We report the construction of conjugated microporous polymer aerogels featuring ultralong-lived excitons, high-concentration local catalytic centers, and a hierarchically porous gel network that wraps solvent and reactants to provide a “single” reaction phase without interfacial resistance. The aerogels as quasi-homogeneous photocatalysts show general applicability to four C─H functionalization reactions, achieving remarkable conversion efficiencies, gram-scale productivities, and recyclability.

Abstract

Simultaneous promotion of charge and mass transportation between catalytic centers and reactants is crucial for photocatalysis but remains a substantial challenge on account of the widespread use of homogeneous or heterogeneous photocatalysts that suffer from sluggish reactant-diffusion kinetics or interfacial electron-transport resistance, respectively.
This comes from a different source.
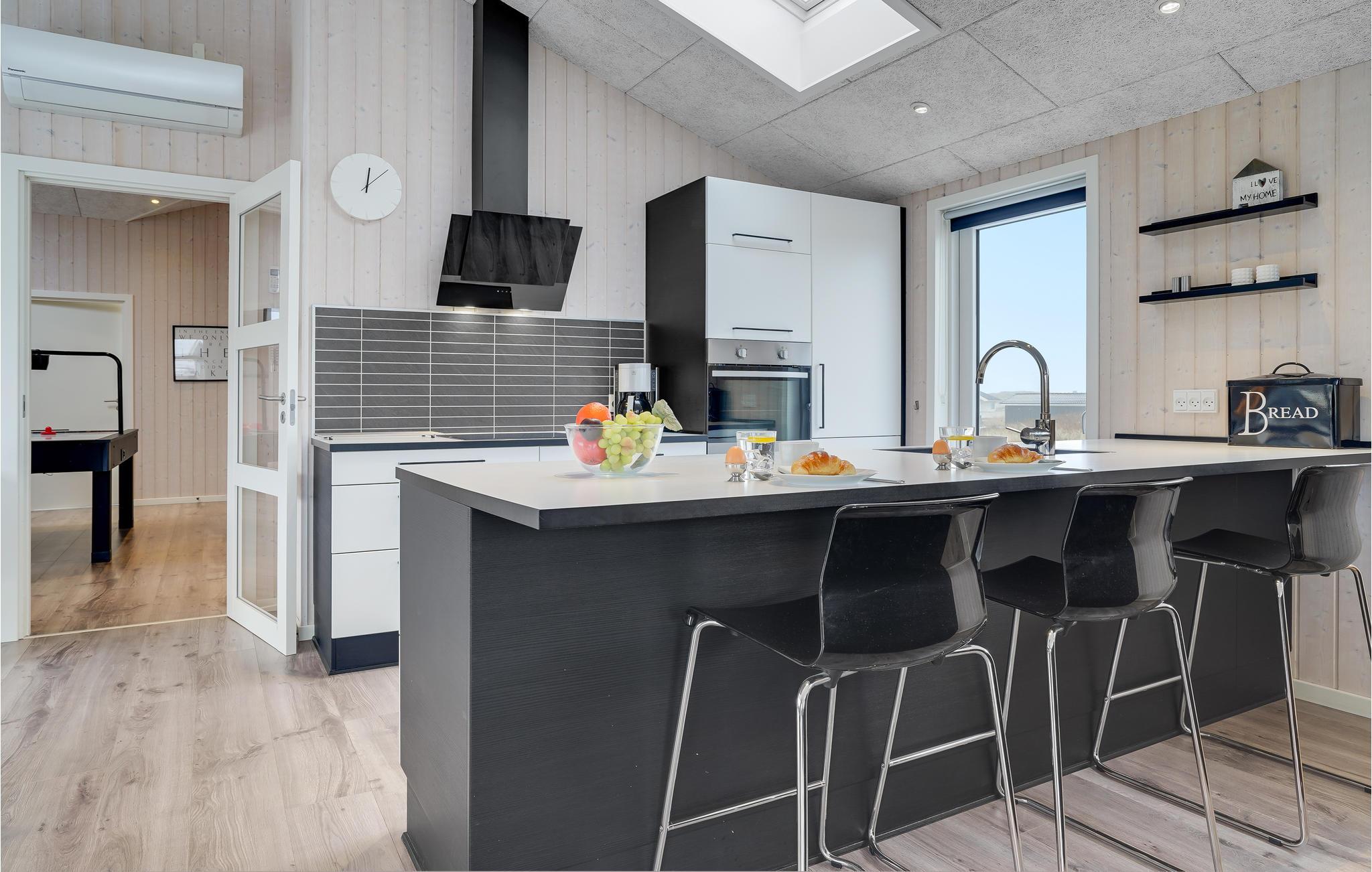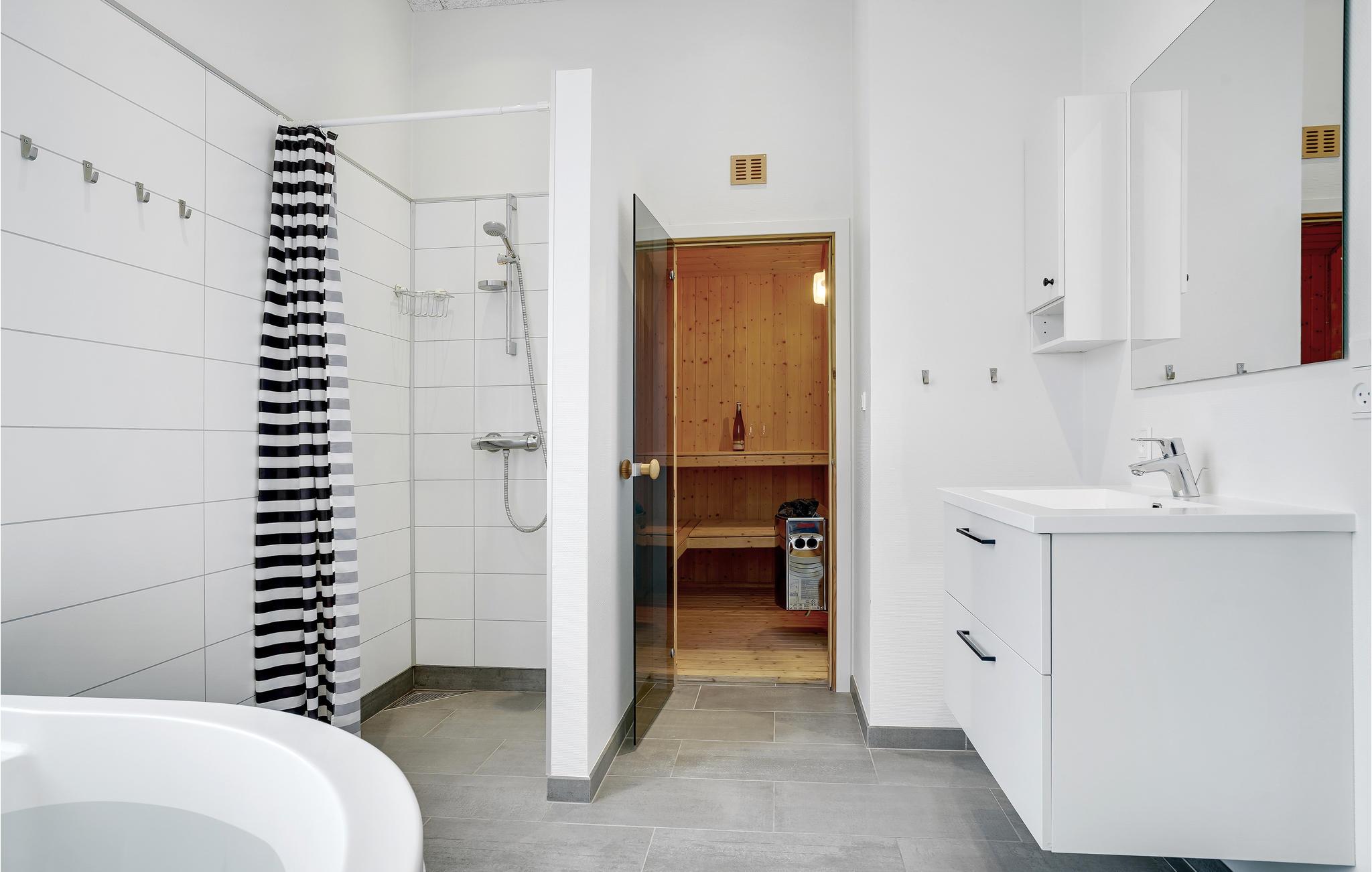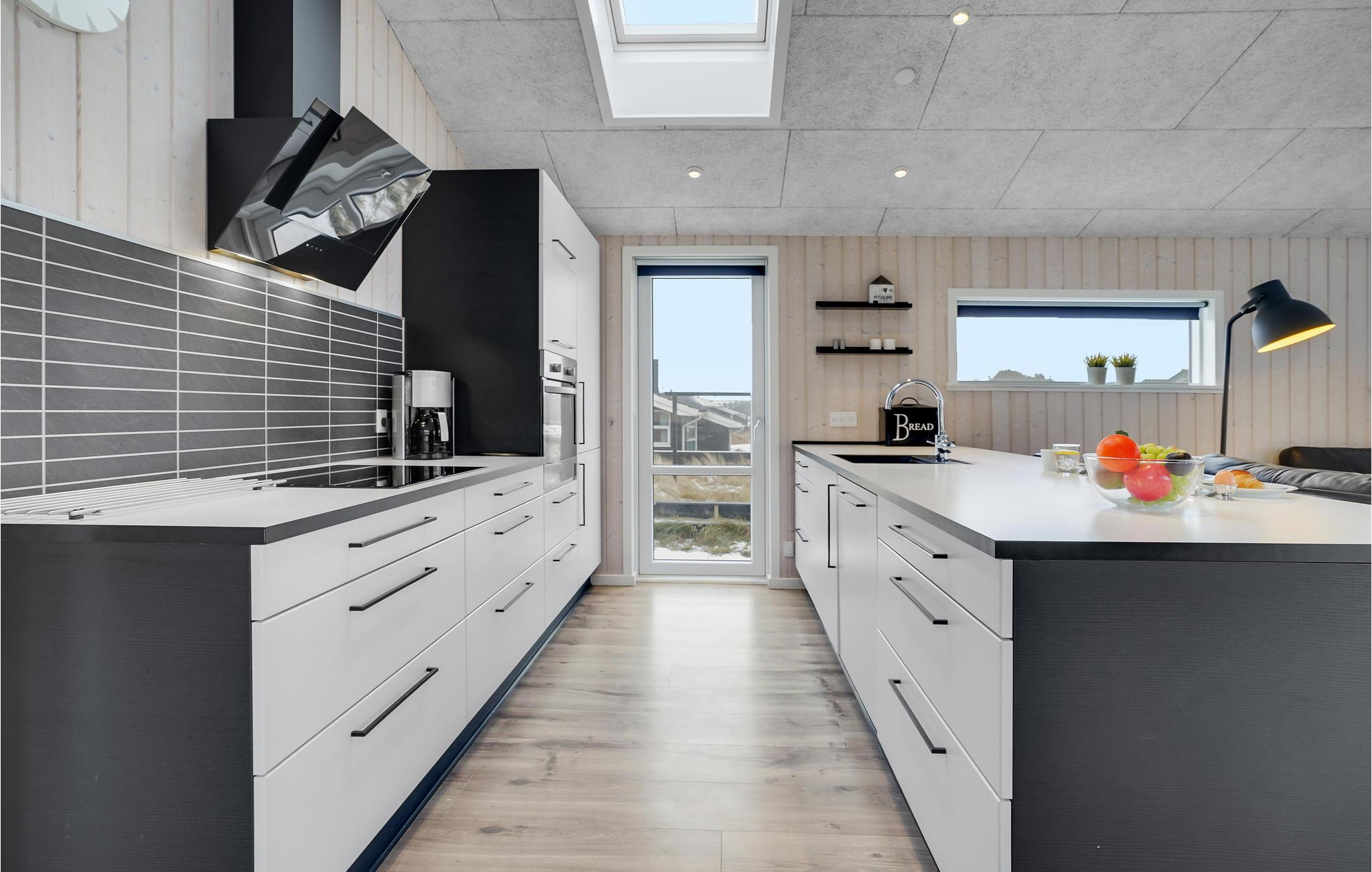 Det rummelige lyse køkken og den hyggelig stue er omkranset af store vinduespartier, som lukker naturen ind i huset. Huset har tre fine soveværelser som indeholder to dobbeltsenge og to enkeltsenge. I huset er der desuden to lyse badeværelser. I har også rig mulighed for at nyde afslappende wellness i spabadet og den rummelige sauna, ligesom I kan hygge jer med et spil airhockey i aktivitetetsrummet.

Herein, we demonstrate the construction of conjugated microporous polymer aerogels as available quasi-homogeneous photocatalysts by integrating structural designability, which allows for the incorporation of electron-acceptor building blocks featuring ultralong-lived excitons as high-concentration local catalytic centers, and hierarchically porous gel networks that wrap solvent and reactants to provide a “single” reaction phase without interfacial resistance. A total of 18 samples of C─H functionalization reactions underpinned by four different mechanisms were screened to showcase the general applicability of the obtained aerogel photocatalysts, which achieved remarkable conversion efficiencies, gram-scale productivities, and recyclability. By combining a designable structure for photophysical properties with hierarchical porosities for optimal charge/mass transfer, we believe microporous polymer aerogels can serve as a versatile design platform for quasi-homogeneously photocatalyzing challenging reactions.